Вот только у судьбы оказались совершенно иные виды на этих полярных авантюристов. Отправившись в Антарктику с недалекой Южной Америки, судно еще на дальних подступах к Антарктиде оказалось в ледовом плену, и находившиеся на его борту полярные странники вынуждены были провести на нем более года, преодолев при этом порядка двух тысяч миль. Результат похода к «овеваемой вечными ветрами земле», на которой, – как уведомлял мир другой исследователь, капитан судна «Соузерн Кросс» Борхгревинк, – «не ходит, не ползает и не летает ничто живое», оказался весьма поучительным.
До материка бельгиец так и не добрался, зимовщиков тоже высадить не сумел. И вообще можно было считать чудом, что сама команда «Бельжики», не имевшая в достаточном количестве решительно ничего: ни продовольствия, ни антарктической экипировки, ни горючего для освещения судна, ни полярного опыта, во время всей этой темной полярной зимовки не погибла. Хотя, по всем канонам, должна была бы – если не от «ледового сжатия океана», то от холода, голода и цинги.
Кемпбелл не раз уверял себя: полярникам из «Бельжики» несказанно повезло, что во время этого безумного дрейфа лишились разума всего лишь два члена команды, а не все во главе с лейтенантом де Жерлашем. Кстати, оказалось, что все эти парни только потому и выжили, что на борту судна находилось несколько норвежцев, имевших опыт охоты во льдах на тюленей и белых медведей. Косолапых в Антарктике не оказалось, зато попадались колонии любопытных, медлительных, не ведавших страха пингвинов, этих ходячих мясных туш.

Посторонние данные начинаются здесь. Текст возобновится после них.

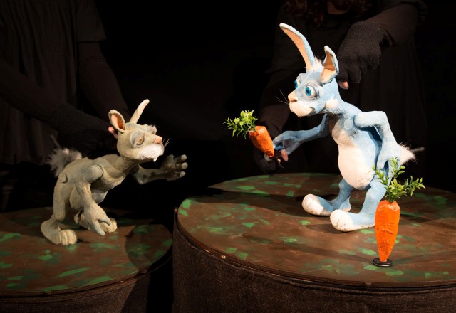 Va ser un plaer veure el treball d’aquesta companyia veterana que tants espectacles importants ha donat al mapa titellaire de Catalunya. En aquest cas, es tracta d’una proposta de la part femenina del grup, constituïda per Esther Cabacés i Mireia Peña, amb direcció de Nartxi Azcargorta, dirigida al nens més petits. Una història de conills que d’alguna manera tracta el tema de l’aneguet lleig, que aquí es concreta en el conillet Cotó que té una orella recta i l’altra caiguda. Una anomalia que el diferencia dels seus companys i que per això és objecte de sorna i de mensypreu o bullying.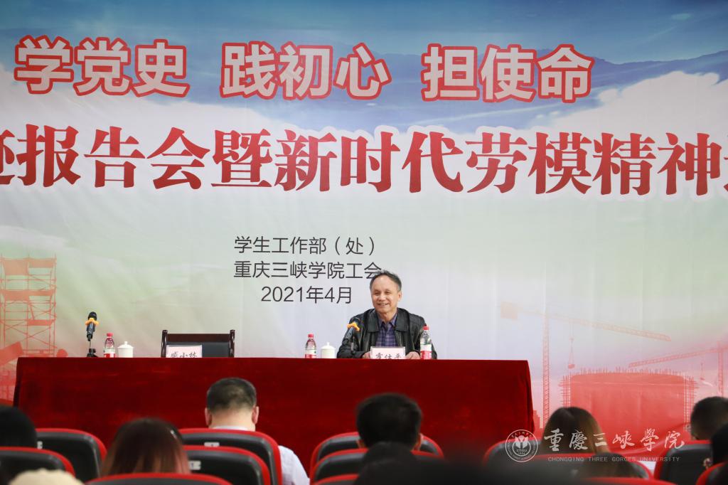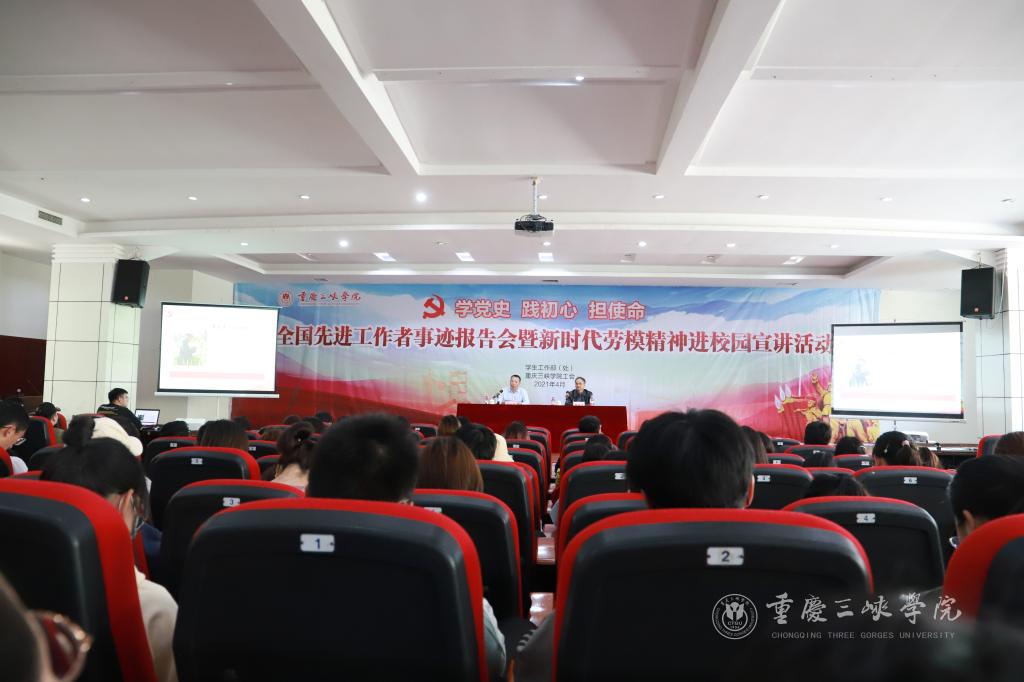 认真学党史,勇开新局面;致敬劳动者,建功新征程。4月22日下午,由学生工作部、校工会主办的全国先进工作者事迹报告会暨新时代劳模精神进校园宣讲活动在明辨楼2栋104报告厅举行,党委常委、副校长臧小林出席活动并主持报告会,学生处职工、工会干部、辅导员和学生代表近500人聆听报告会。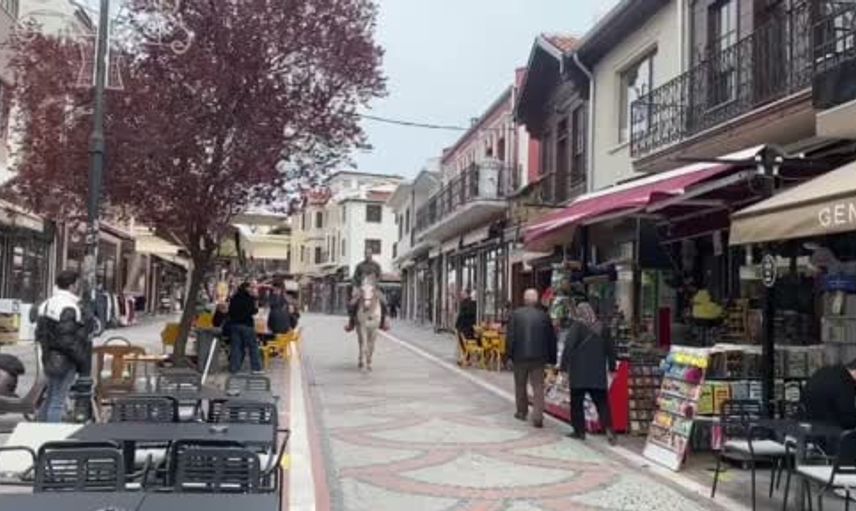EDİRNE’DE YAYA TRAFİĞİNİN YOĞUN OLDUĞU SARAÇLAR CADDESİNİ BEYAZ ATLA TURLAYAN BİR VATANDAŞ, İLGİNÇ GÖRÜNTÜ SERGİLEDİ.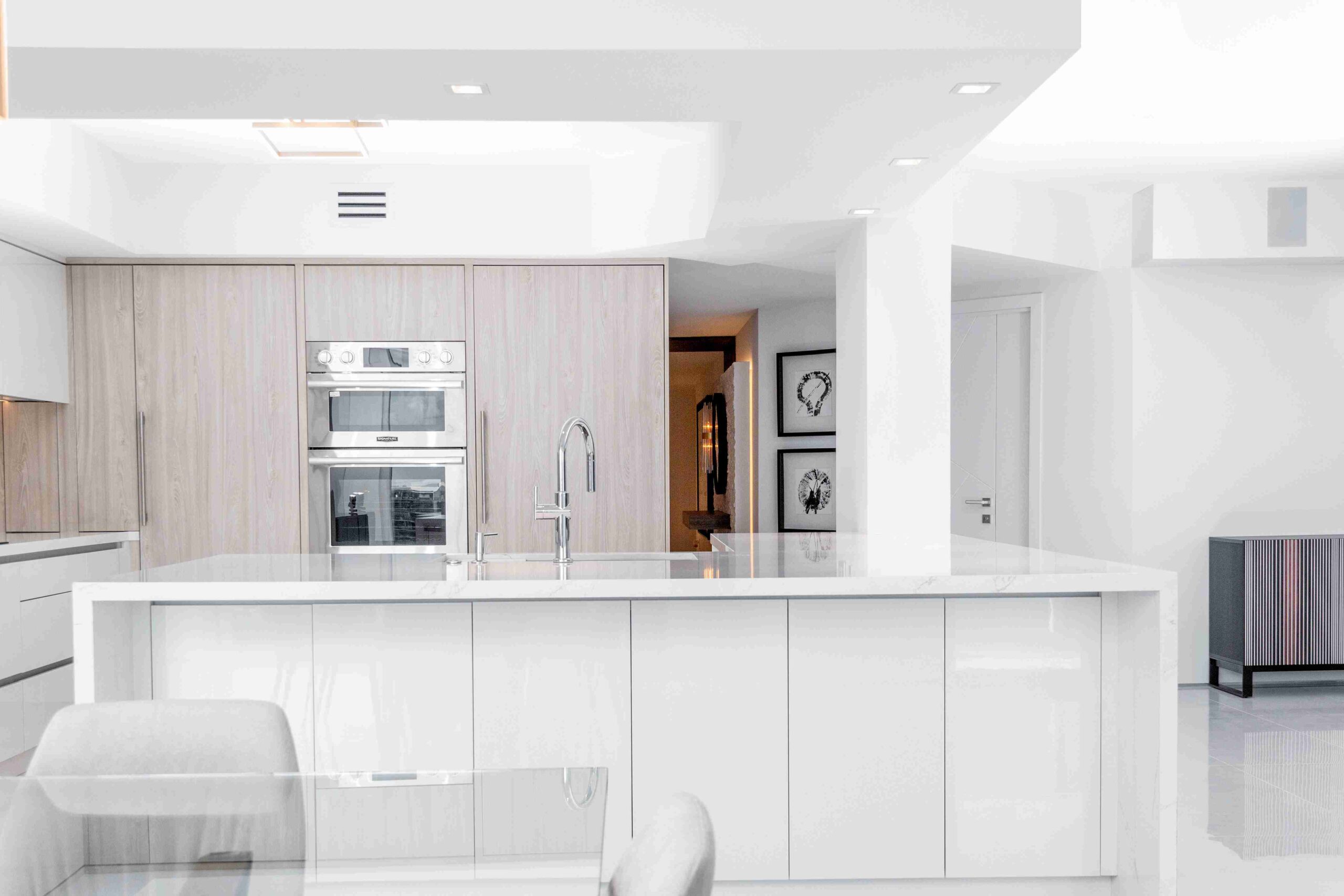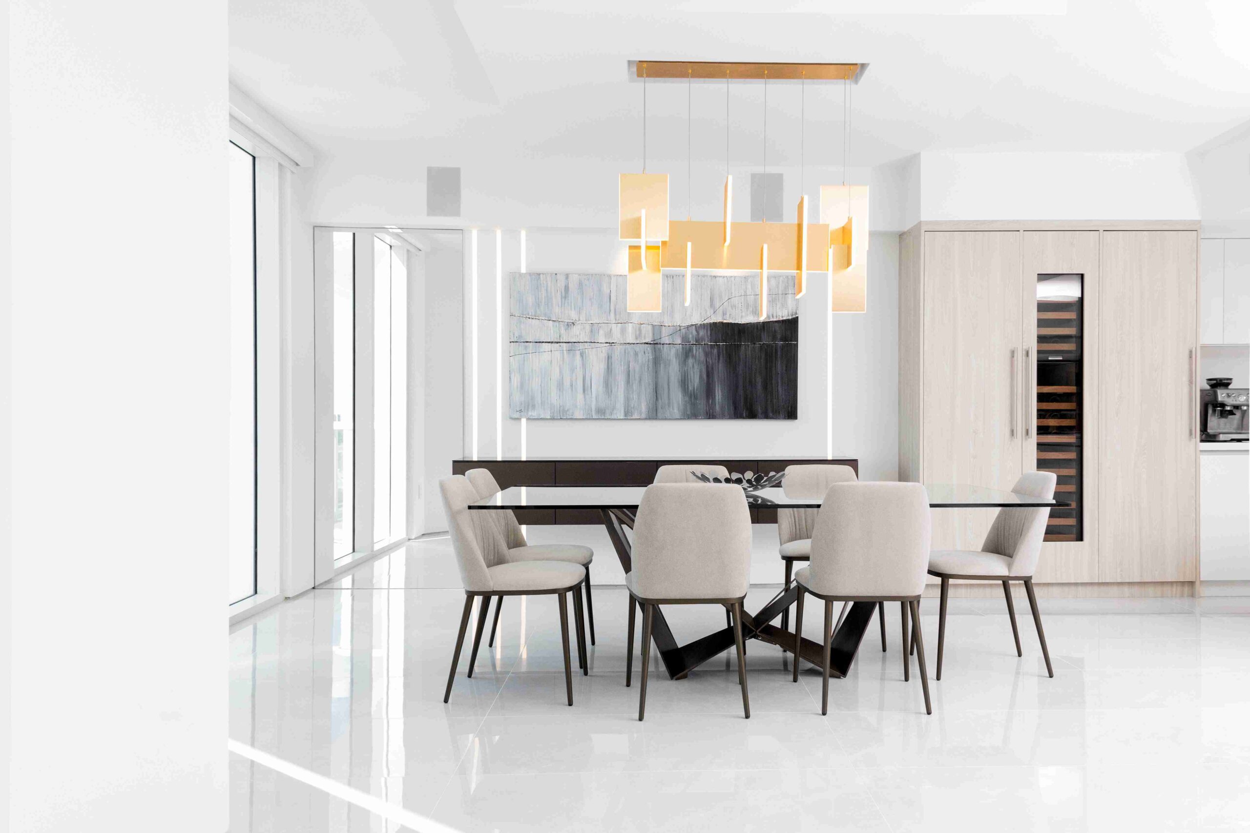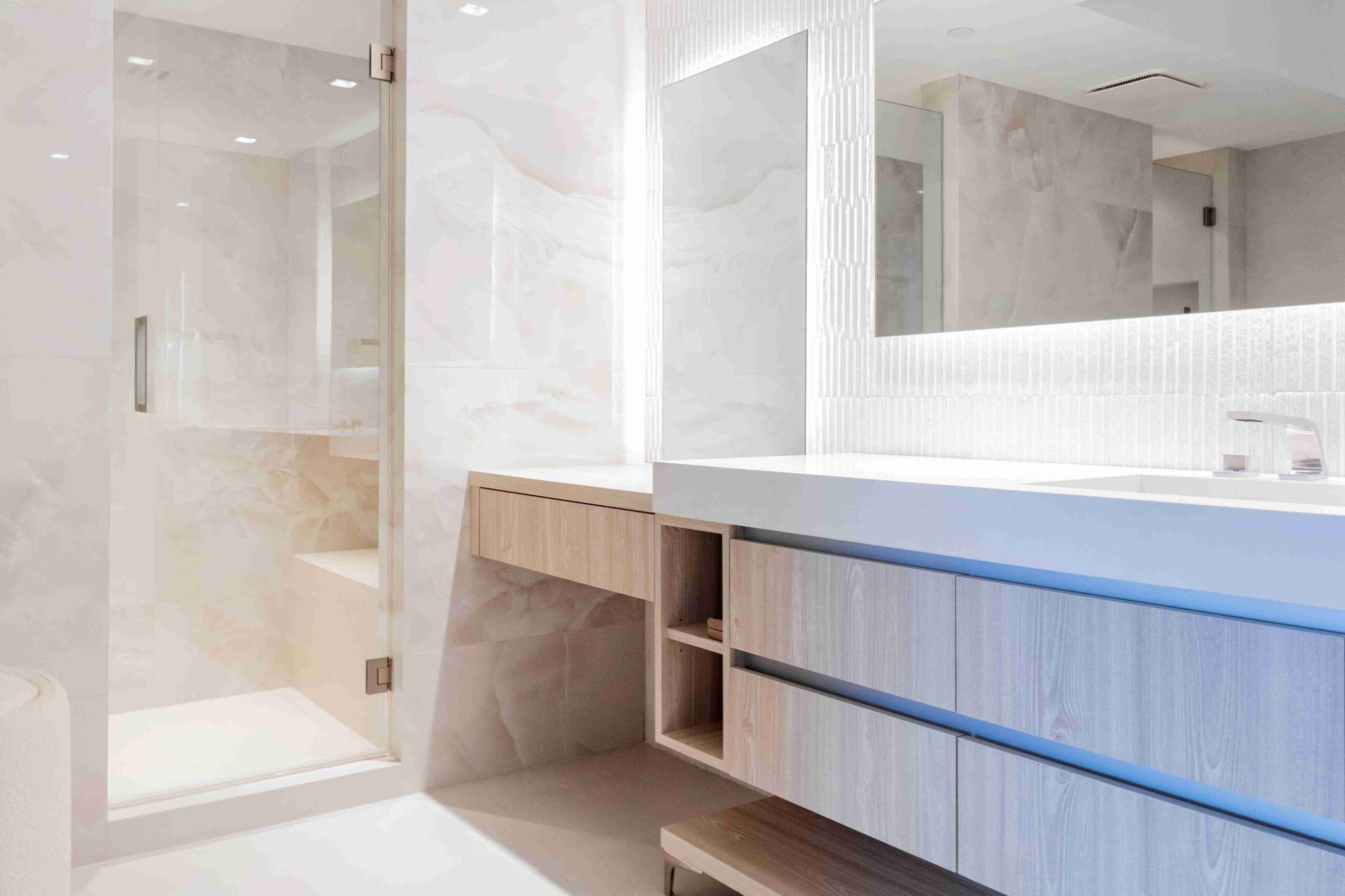 This Aventura Peninsula condo combines modern luxury with meticulous attention to detail. Custom millwork paneling features hidden doors and 3D accents, while a lacquered kitchen and bespoke vanities with stone surfaces elevate the interiors. Porcelain tile flooring, base reveal details, and integrated lighting enhance the sense of refined craftsmanship. The home is equipped with state-of-the-art automation and audio/video systems, creating a seamless, sophisticated living experience that balances design, functionality, and technology.

Вспомнив сейчас об одиссее бельгийского лейтенанта, Кемпбелл сказал себе: «Нужно иметь большое мужество, чтобы, пережив это ледовое безумие, решиться еще на один поход в сторону Антарктиды или Северного полюса! Но ведь Амундсен решился! Вот почему для тебя, лейтенант Кемпбелл, этот поход должен послужить уроком не только географии, но и мужества. Как, впрочем, и опыт экспедиции Борхгревинка, отчет о которой даже сам Скотт штудировал в свое время с пылкостью юного мореплавателя».
Ведомое этим капитаном судно «Саузерн Кросс» не только сумело пробиться к ледовому материку, но и впервые в истории человечества высадило отряд зимовщиков. Понятно, что зимовка в небольшой деревянной хижине на мысе Адэр тоже оказалась для полярников мучительно трудной, тем не менее весной у начальника англо-норвежской экспедиции Борхгревинка хватило силы воли продолжить наступление на Антарктиду, следуя по маршруту, проложенному исследователем Россом более чем за полстолетия до него.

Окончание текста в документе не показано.